---------- DATA EXTRACT ----------
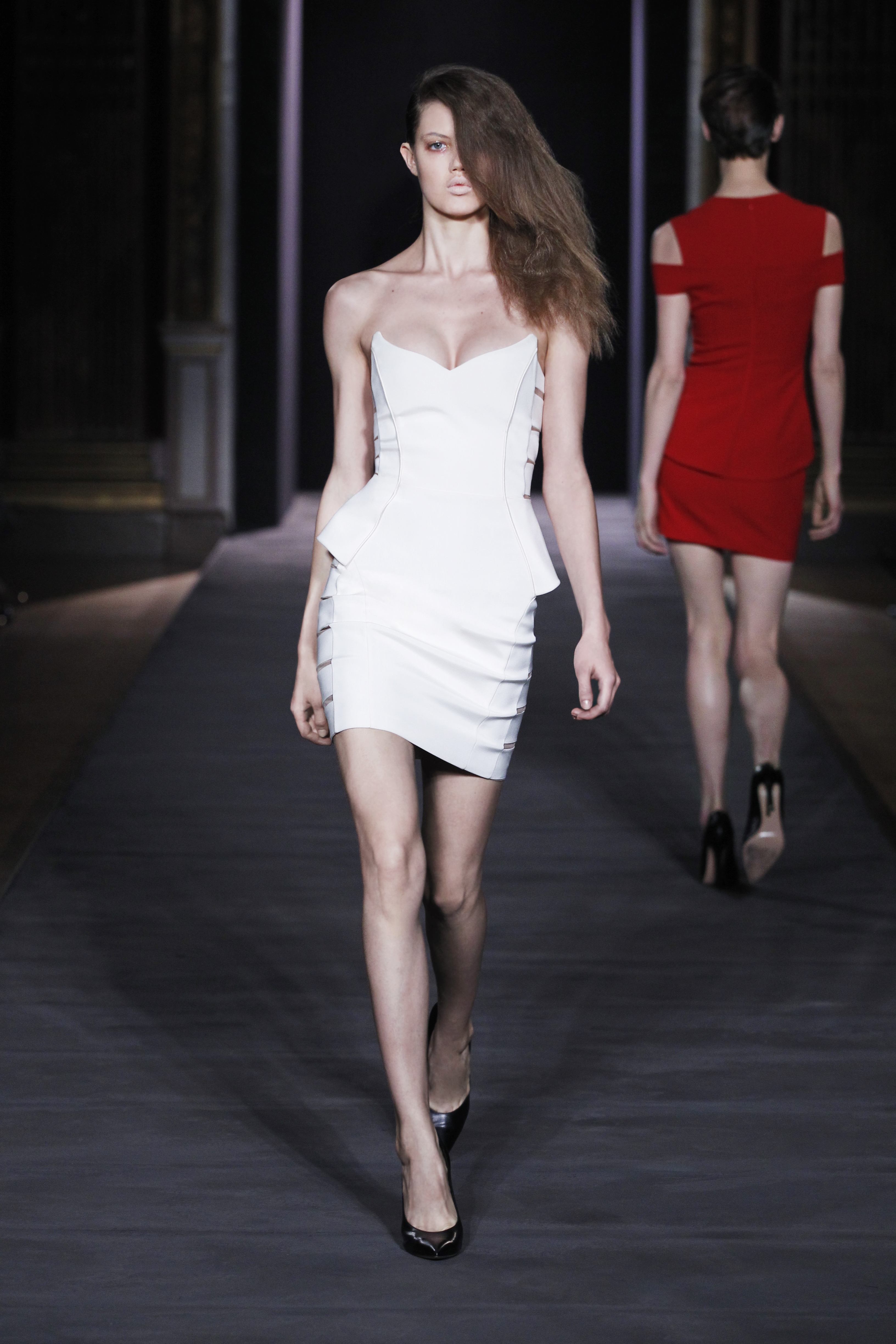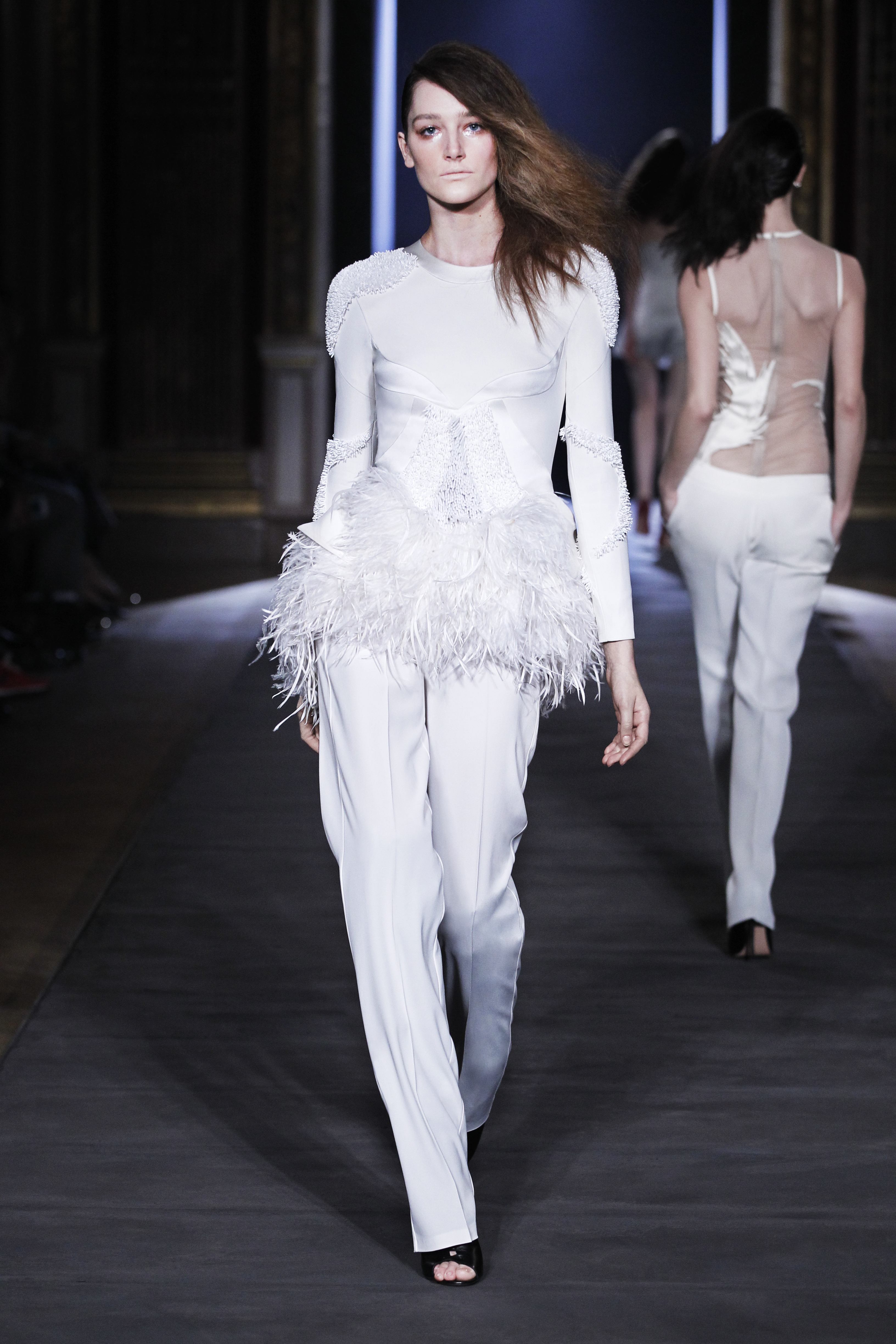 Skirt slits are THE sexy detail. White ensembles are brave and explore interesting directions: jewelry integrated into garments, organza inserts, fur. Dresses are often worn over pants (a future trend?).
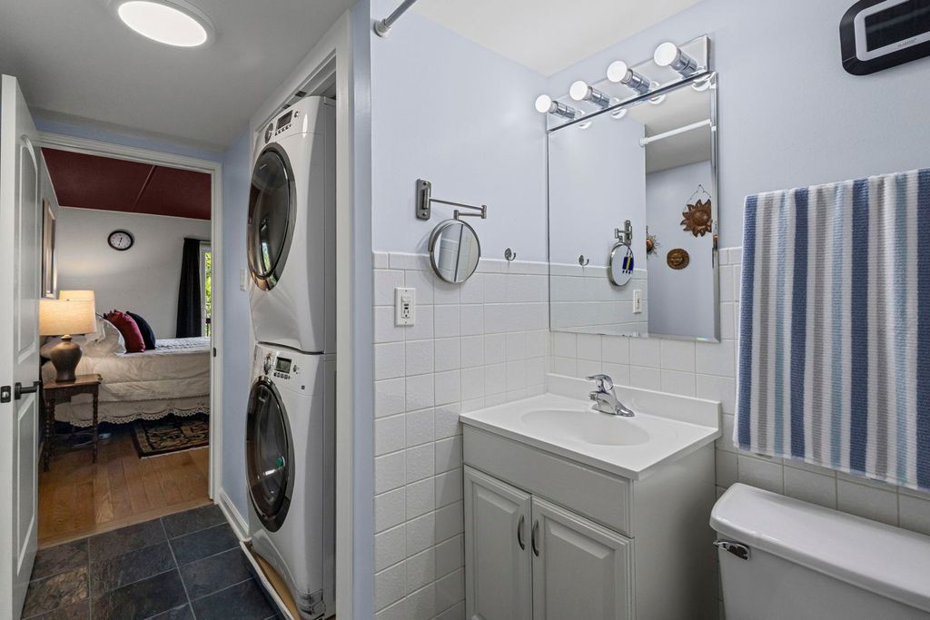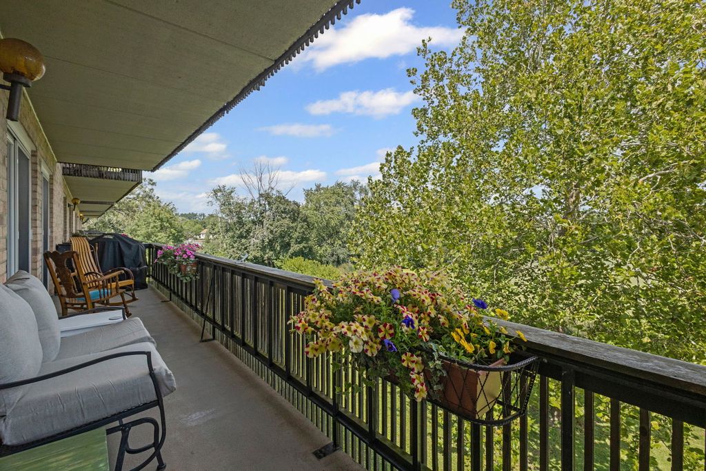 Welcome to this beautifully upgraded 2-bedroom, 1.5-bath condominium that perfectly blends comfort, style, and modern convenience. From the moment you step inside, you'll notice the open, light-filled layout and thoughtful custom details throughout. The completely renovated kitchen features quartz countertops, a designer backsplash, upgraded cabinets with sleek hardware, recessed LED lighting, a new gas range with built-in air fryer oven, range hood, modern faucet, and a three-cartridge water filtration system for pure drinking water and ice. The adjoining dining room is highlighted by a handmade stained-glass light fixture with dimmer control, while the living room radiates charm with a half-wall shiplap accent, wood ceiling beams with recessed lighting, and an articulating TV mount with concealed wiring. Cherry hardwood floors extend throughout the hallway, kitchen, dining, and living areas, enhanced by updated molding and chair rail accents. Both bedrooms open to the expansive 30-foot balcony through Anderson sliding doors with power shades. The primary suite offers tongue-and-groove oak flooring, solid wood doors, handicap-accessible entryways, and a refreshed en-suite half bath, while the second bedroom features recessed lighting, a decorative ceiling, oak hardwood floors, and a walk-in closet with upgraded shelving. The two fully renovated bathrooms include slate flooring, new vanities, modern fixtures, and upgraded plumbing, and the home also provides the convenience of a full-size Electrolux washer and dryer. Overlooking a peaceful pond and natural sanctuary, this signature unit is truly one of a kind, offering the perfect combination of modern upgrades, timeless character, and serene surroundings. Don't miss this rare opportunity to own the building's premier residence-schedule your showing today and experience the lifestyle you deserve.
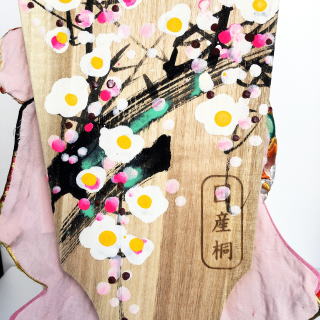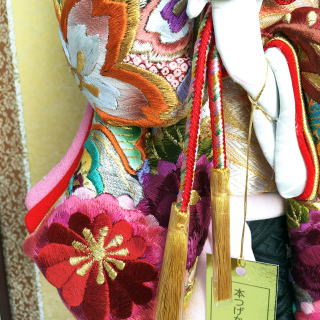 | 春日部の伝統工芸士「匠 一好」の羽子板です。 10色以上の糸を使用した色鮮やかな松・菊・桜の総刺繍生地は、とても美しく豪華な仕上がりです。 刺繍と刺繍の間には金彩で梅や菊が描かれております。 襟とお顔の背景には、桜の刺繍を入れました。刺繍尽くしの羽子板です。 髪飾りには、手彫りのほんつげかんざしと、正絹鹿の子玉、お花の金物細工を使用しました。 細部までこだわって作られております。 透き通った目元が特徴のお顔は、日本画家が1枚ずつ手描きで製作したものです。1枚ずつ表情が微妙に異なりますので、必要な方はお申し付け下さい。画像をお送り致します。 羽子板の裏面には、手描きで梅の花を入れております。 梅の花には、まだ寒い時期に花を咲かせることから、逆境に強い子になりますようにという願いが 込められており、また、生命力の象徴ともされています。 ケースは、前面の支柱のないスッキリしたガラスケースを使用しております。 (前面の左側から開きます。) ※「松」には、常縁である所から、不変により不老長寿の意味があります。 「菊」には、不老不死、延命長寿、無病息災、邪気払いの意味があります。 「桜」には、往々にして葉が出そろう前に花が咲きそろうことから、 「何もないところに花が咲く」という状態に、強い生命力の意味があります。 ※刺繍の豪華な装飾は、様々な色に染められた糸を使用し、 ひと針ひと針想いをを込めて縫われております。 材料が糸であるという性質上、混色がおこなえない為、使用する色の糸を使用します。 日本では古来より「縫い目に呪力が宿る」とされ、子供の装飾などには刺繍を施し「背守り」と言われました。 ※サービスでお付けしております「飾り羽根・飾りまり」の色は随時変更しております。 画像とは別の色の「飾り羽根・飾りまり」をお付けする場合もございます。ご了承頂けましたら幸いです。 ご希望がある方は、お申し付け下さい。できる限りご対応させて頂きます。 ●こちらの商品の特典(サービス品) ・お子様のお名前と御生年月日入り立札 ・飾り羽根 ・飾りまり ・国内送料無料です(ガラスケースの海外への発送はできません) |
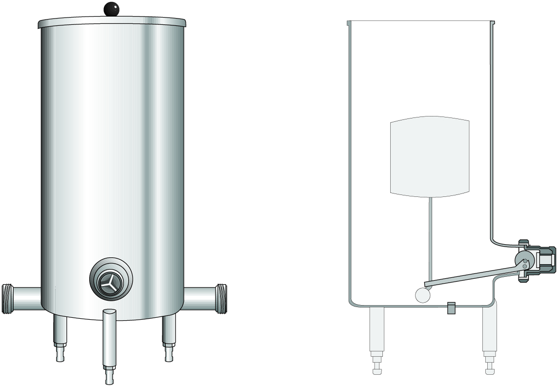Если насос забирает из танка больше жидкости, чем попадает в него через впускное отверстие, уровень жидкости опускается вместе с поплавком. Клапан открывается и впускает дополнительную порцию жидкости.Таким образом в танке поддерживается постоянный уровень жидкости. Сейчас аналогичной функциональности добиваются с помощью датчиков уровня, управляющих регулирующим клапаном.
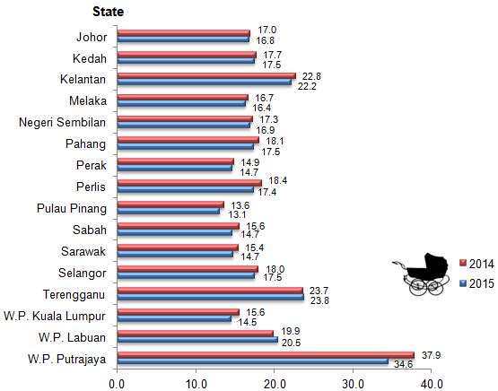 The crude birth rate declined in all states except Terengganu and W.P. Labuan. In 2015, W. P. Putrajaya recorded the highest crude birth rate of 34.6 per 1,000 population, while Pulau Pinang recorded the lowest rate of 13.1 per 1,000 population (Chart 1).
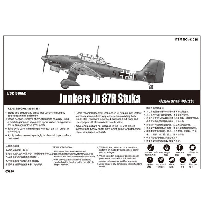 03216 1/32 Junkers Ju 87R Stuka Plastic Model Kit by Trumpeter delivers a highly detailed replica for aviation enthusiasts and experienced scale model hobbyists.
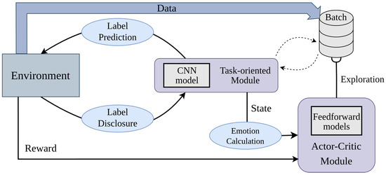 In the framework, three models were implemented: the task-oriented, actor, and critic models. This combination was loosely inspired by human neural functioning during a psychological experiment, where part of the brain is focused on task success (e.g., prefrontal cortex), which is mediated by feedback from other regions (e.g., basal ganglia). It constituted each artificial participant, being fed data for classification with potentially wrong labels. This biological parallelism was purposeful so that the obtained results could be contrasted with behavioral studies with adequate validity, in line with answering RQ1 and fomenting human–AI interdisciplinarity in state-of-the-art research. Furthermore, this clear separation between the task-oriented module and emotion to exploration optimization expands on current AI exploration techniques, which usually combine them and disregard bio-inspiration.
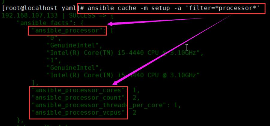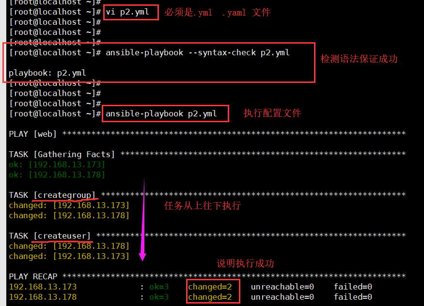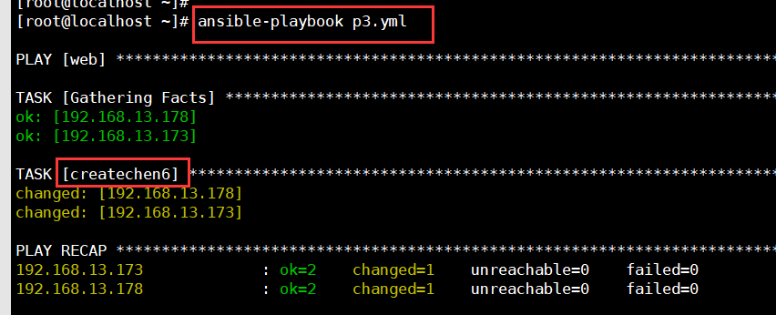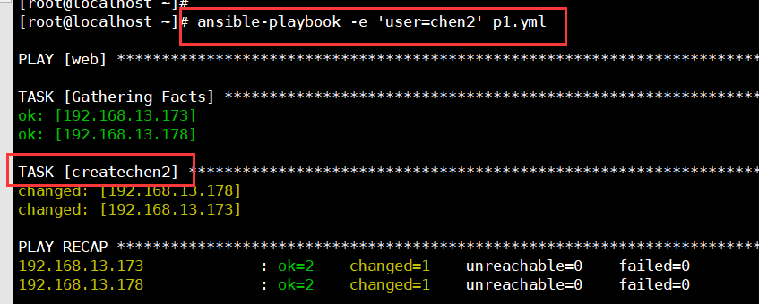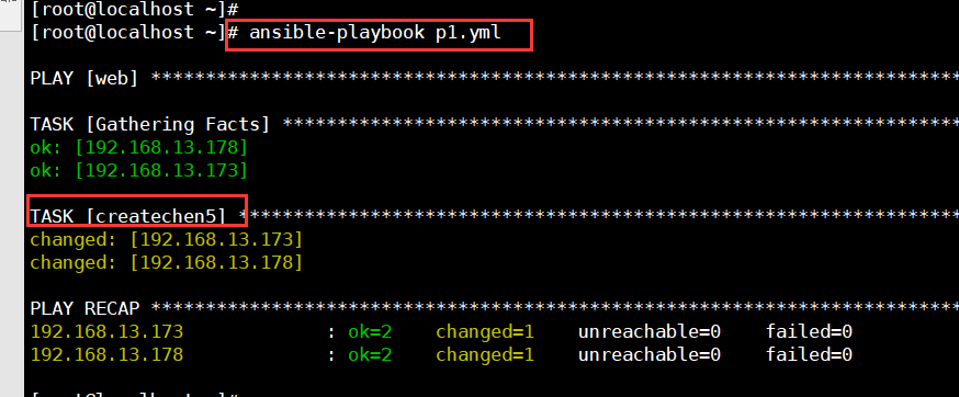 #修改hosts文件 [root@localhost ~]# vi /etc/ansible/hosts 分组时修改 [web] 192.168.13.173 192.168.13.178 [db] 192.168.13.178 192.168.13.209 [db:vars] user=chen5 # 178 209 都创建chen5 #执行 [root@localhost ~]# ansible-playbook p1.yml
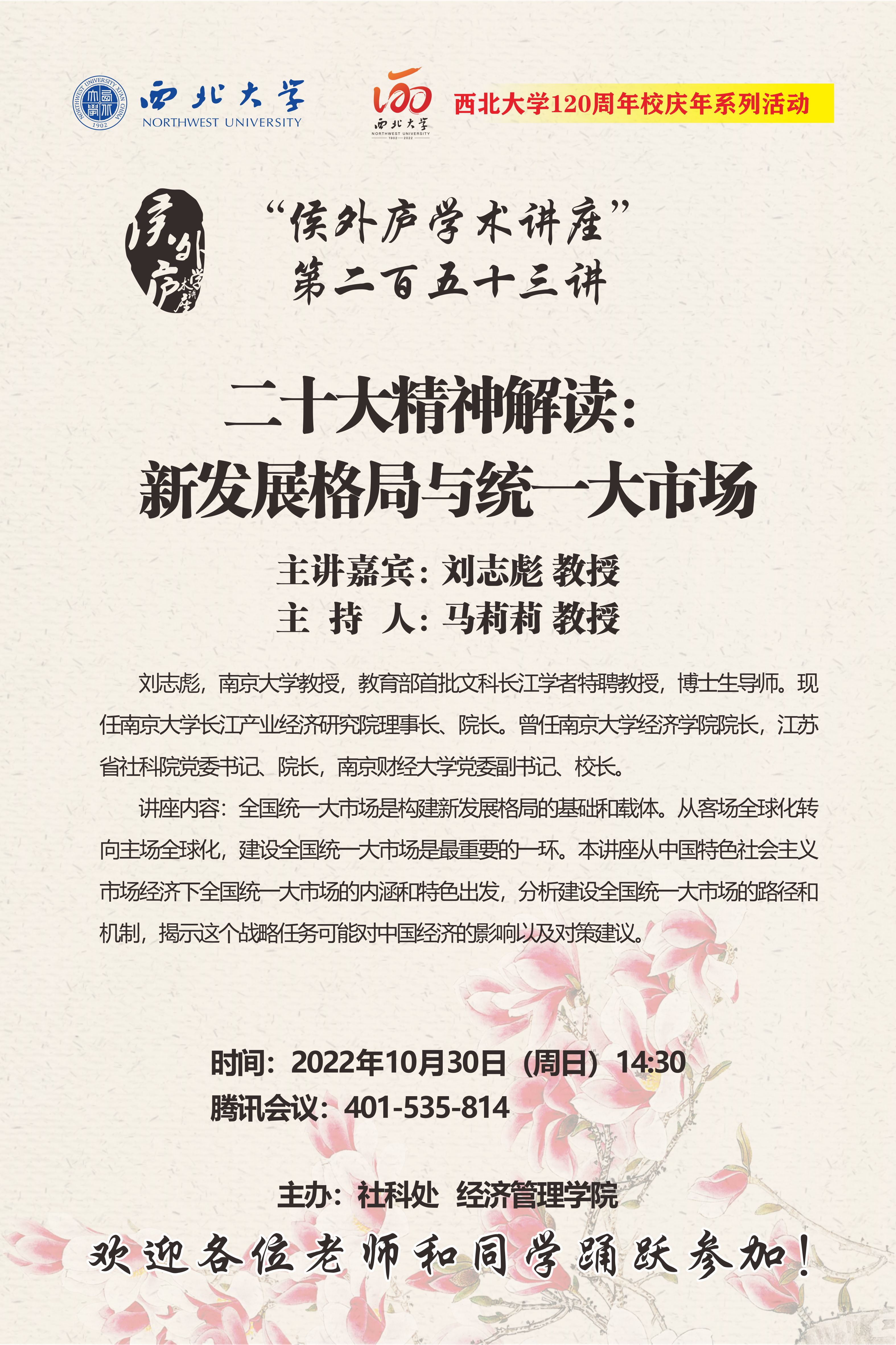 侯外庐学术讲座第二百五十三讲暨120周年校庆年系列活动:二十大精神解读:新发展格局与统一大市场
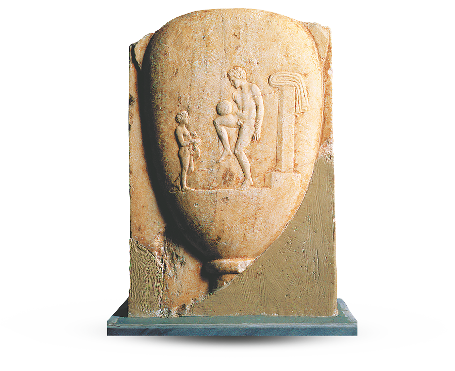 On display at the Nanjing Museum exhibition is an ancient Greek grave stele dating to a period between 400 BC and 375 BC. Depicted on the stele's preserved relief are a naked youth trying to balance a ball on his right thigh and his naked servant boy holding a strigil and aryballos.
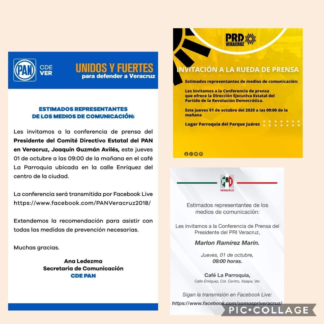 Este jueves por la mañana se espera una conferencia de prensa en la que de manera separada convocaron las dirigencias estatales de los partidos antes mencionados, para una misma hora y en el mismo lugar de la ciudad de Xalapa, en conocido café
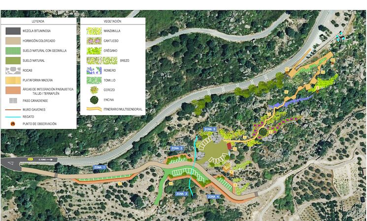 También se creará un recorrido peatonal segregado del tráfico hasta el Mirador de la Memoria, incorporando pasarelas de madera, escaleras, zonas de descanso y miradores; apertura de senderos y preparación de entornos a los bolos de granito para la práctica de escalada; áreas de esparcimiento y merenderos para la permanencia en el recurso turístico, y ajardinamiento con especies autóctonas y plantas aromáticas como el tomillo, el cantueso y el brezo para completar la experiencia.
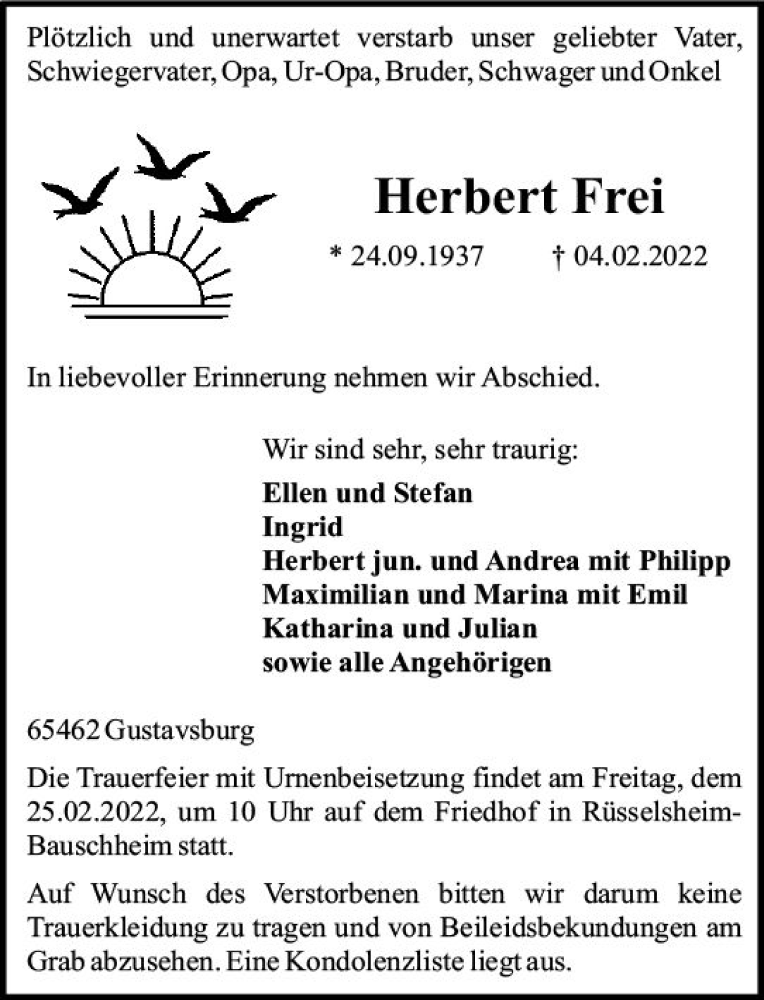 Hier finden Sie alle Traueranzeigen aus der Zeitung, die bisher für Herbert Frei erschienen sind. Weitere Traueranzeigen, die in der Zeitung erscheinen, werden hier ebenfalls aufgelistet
----------
■ PROBLEM:
In the entries above, every line from the line with "03216 1/32 Junkers" to the line with "On display at" is to be printed exactly, with both ends included and pictures excluded.

■ RESULT:
 03216 1/32 Junkers Ju 87R Stuka Plastic Model Kit by Trumpeter delivers a highly detailed replica for aviation enthusiasts and experienced scale model hobbyists.
 In the framework, three models were implemented: the task-oriented, actor, and critic models. This combination was loosely inspired by human neural functioning during a psychological experiment, where part of the brain is focused on task success (e.g., prefrontal cortex), which is mediated by feedback from other regions (e.g., basal ganglia). It constituted each artificial participant, being fed data for classification with potentially wrong labels. This biological parallelism was purposeful so that the obtained results could be contrasted with behavioral studies with adequate validity, in line with answering RQ1 and fomenting human–AI interdisciplinarity in state-of-the-art research. Furthermore, this clear separation between the task-oriented module and emotion to exploration optimization expands on current AI exploration techniques, which usually combine them and disregard bio-inspiration.
 #修改hosts文件 [root@localhost ~]# vi /etc/ansible/hosts 分组时修改 [web] 192.168.13.173 192.168.13.178 [db] 192.168.13.178 192.168.13.209 [db:vars] user=chen5 # 178 209 都创建chen5 #执行 [root@localhost ~]# ansible-playbook p1.yml
 侯外庐学术讲座第二百五十三讲暨120周年校庆年系列活动:二十大精神解读:新发展格局与统一大市场
 On display at the Nanjing Museum exhibition is an ancient Greek grave stele dating to a period between 400 BC and 375 BC. Depicted on the stele's preserved relief are a naked youth trying to balance a ball on his right thigh and his naked servant boy holding a strigil and aryballos.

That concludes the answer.